Bug #53456 ndbd angel does not check for fork() errors
Submitted: 6 May 2010 7:10 Modified: 4 Nov 2010 14:13
Reporter: Hartmut Holzgraefe Email Updates:
Status: Closed Impact on me:
None 
Category:MySQL Cluster: Cluster (NDB) storage engine Severity:S3 (Non-critical)
Version:mysql-5.1-telco-6.3 OS:Any
Assigned to: Magnus Blåudd CPU Architecture:Any
Tags: mysql-cluster-6.3.24 (all cluster)

[6 May 2010 7:10] Hartmut Holzgraefe
Description:
Looking at the angel_run() function in storage/ndb/src/kernel/angel.cc

    274   while (true)
    275   {
    ...
    297     if ((child=fork()) <= 0)
    298       break; // child or error
    ...
    394   }

the only way to leave the while loop without terminating the process
or returning control to angel_run()s caller is a zero or negative
fork() result, zero indicating that the current process is the fork
child and negative values meaning that the fork() failed

After the while(true) loop we have the following checks before the
function returns:
   
    396   if (child >= 0)
    397     g_eventLogger->info("Angel pid: %d ndb pid: %d", getppid(), getpid());
    398   else if (child > 0)
    399     g_eventLogger->info("Ndb pid: %d", getpid());
 
As we are leaving the loop on zero or negative fork() results only
a >0 value of "child" can never happen here.
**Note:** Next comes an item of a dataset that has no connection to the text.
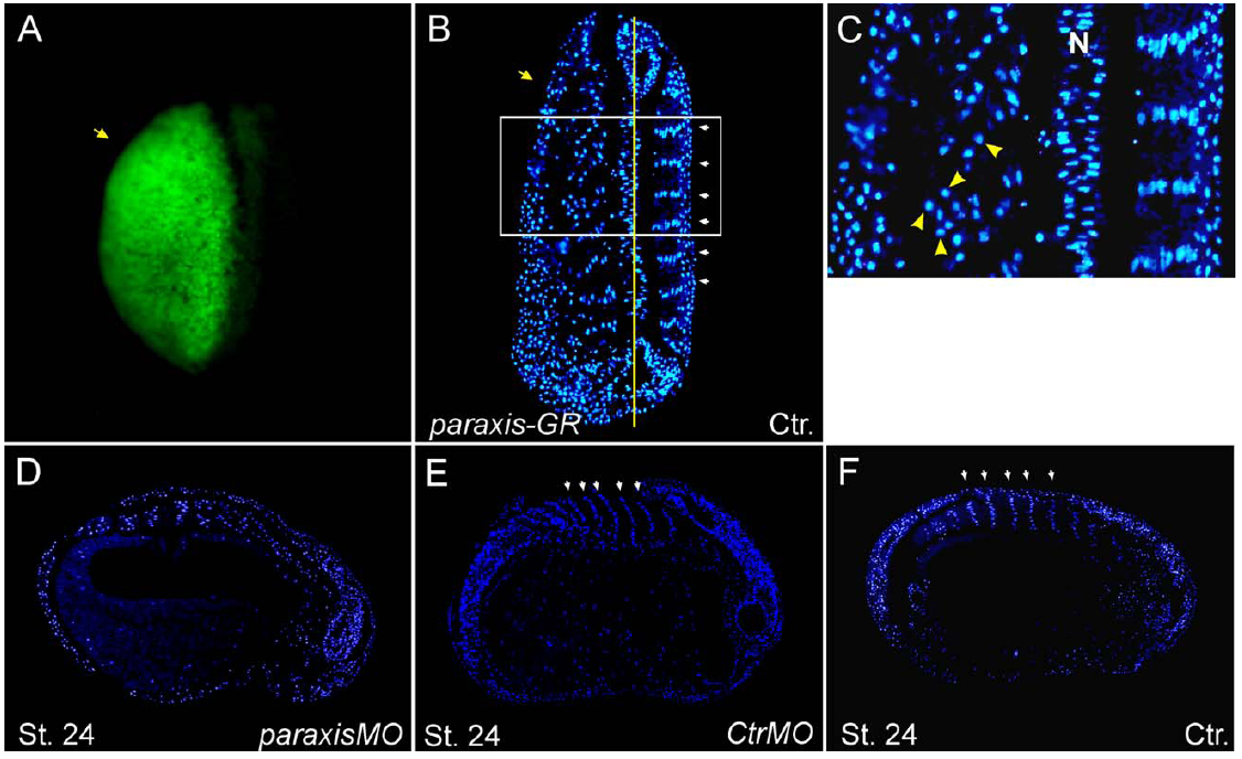 Anatomical Phenotypes: abnormally disorganized myotome, abnormally localised myotome, abnormally localised nucleus in myotome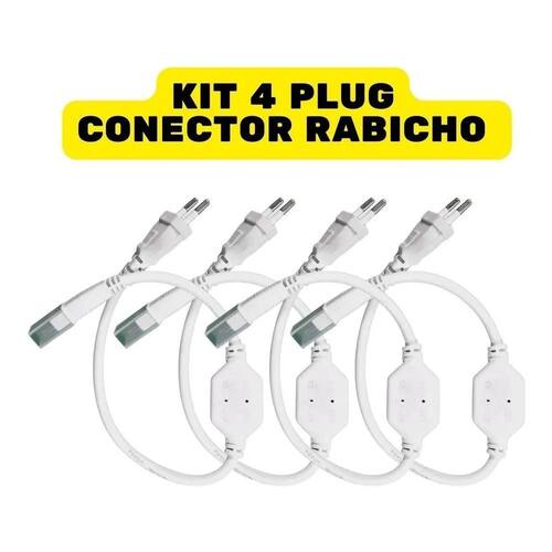 Kit 4 Conector Plug Tomada Fonte Rabicho Mangueira Led Chata

And even if >0 values
were possible the "else if" path would never be entered as any 
value >0 would already be caught by the first "if".

Negative error code values are never checked for, so if the fork()
of a new worker process fails the angel process either just dies
silently or transforms itself from angel to worker so that there
is no active angel anymore and any further node failure will then
no longer lead to a restart even with StopOnError=false

How to repeat:
see code in src/kernel/angel.cc

Suggested fix:
- fix fork() return value checking logic
- check for and handle negative fork() result values
  - log failed fork() attempts and the error code returned
  - e.g. take failed fork() as failed startup and retry,
    maybe after short delay, and count failed fork()
    attempts in failed_startups, or add a separate 
    counter for these
[10 May 2010 18:08] Magnus Blåudd
Will implement a retry_fork function that will retry the fork 10 times with 1 second interval before gving up. The retries as well as the final give up will be logged to stdout.
[11 May 2010 6:42] Bugs System
A patch for this bug has been committed. After review, it may
be pushed to the relevant source trees for release in the next
version. You can access the patch from:

  http://lists.mysql.com/commits/107912
[31 Aug 2010 6:03] Jonas Oreland
is this pushed ?
[3 Nov 2010 11:36] Bugs System
A patch for this bug has been committed. After review, it may
be pushed to the relevant source trees for release in the next
version. You can access the patch from:

  http://lists.mysql.com/commits/122644

3922 Magnus Blåudd	2010-11-03 [merge]
      Bug#53456 ndbd angel does not check for fork() errors
       - updated for 7.0+
[3 Nov 2010 11:48] Bugs System
Pushed into mysql-5.1-telco-6.3 5.1.51-ndb-6.3.39 (revid:magnus.blaudd@sun.com-20101103110050-28u6qhfgytvb39ur) (version source revid:magnus.blaudd@sun.com-20101103110050-28u6qhfgytvb39ur) (merge vers: 5.1.51-ndb-6.3.39) (pib:21)
[3 Nov 2010 11:48] Bugs System
Pushed into mysql-5.1-telco-7.0 5.1.51-ndb-7.0.20 (revid:magnus.blaudd@sun.com-20101103113445-vukzn3vw89ioqfo8) (version source revid:magnus.blaudd@sun.com-20101103113445-vukzn3vw89ioqfo8) (merge vers: 5.1.51-ndb-7.0.20) (pib:21)
[3 Nov 2010 11:50] Magnus Blåudd
Pushed to 6.3.39, 7.0.20 and 7.1.9
[4 Nov 2010 14:13] Jon Stephens
Documented bugfix in the NDB-6.3.39, 7.0.20, and 7.1.9 changelogs, as follows:

        When a data node angel process failed to fork off a new worker
        process (to replace one that had failed), the failure was not
        handled. This meant that the angel process either transformed
        itself into a worker process, or itself failed. In the first
        case, the data node continued to run, but there was no longer
        any angel to restart it in the event of failure, even with
        StopOnError set to 0.

Closed.